The aim of my first two postdoctoral projects (2017-2019 @ ETH Zürich-WSL Birmensdorf and 2019-2021 @ TU Delft) was to extend the GLObal Glacier Evolution Model (GloGEM) of Huss & Hock (2015, Frontiers in Earth Science) by incorporating a dynamic ice flow component. The newly developed model, GloGEMflow, was applied to the European Alps in order to project the future evolution of all glaciers under the EURO-CORDEX RCM ensemble. GloGEMflow was also used to produce results for the second phase of GlacierMIP, formed the starting point to create a response time inventory of all glaciers in the European Alps, and was used to model the future evolution of all glaciers in Iceland and Scandinavia.

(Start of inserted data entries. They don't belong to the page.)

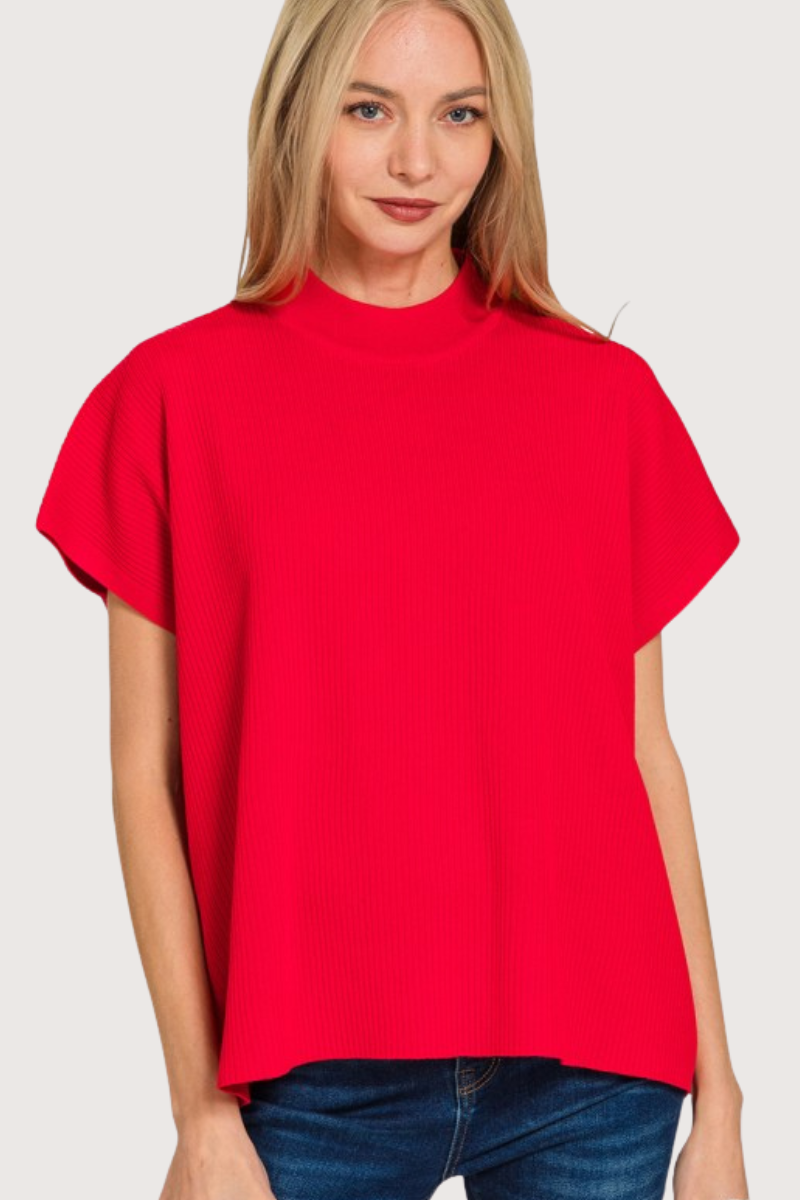 Crowd Pleaser Ribbed Knit Top in Red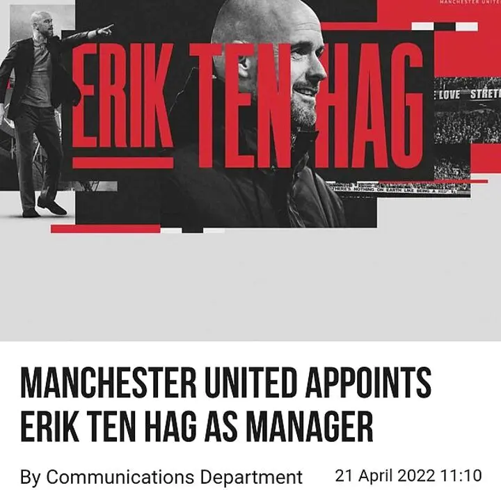 Immediately, some United supporters on social media spotted that Ten Hag had been announced as 'manager' when the club confirmed his arrival in April 2022. The change indicates difference in their respective roles.
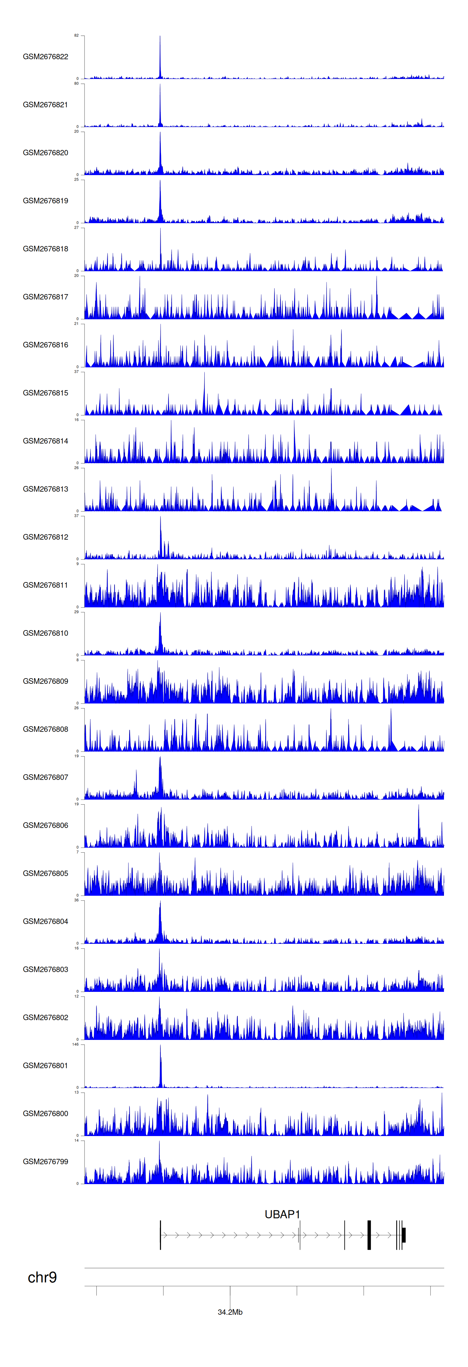 > Dataset: GSE100376 - UBAP1 peak across samples

From December 2012 to February 2013, I had the unique chance to join a Belgian-Japanese meteorite search expedition on the Nansen ice field on the Antarctic plateau (ca. 2900 m elevation), 120 km south of the Belgian Antarctic Station (Princes Elisabeth). During this expedition hundreds of blue ice samples surface samples were collected and these revealed clear climatic signals at the surface. To constrain the age of the ice, the terrestrial age of selected meteorites (i.e. the time since they entered the atmosphere) was determined. By combining this with satellite derived surface velocities and other sources of information, we tried to better constrain the mechanism behind the Nansen blue ice trap. As of October 2020, we are now combining many different datasets in a machine learning algorithm in order to predict where to find meteorites on the Antarctic ice sheet (a kind of “Antarctic meteorite treasure map”). This work is led by Veronica Tollenaar, funded through a PhD fellowship of the Fonds de Recherche Scientifique – FNRS.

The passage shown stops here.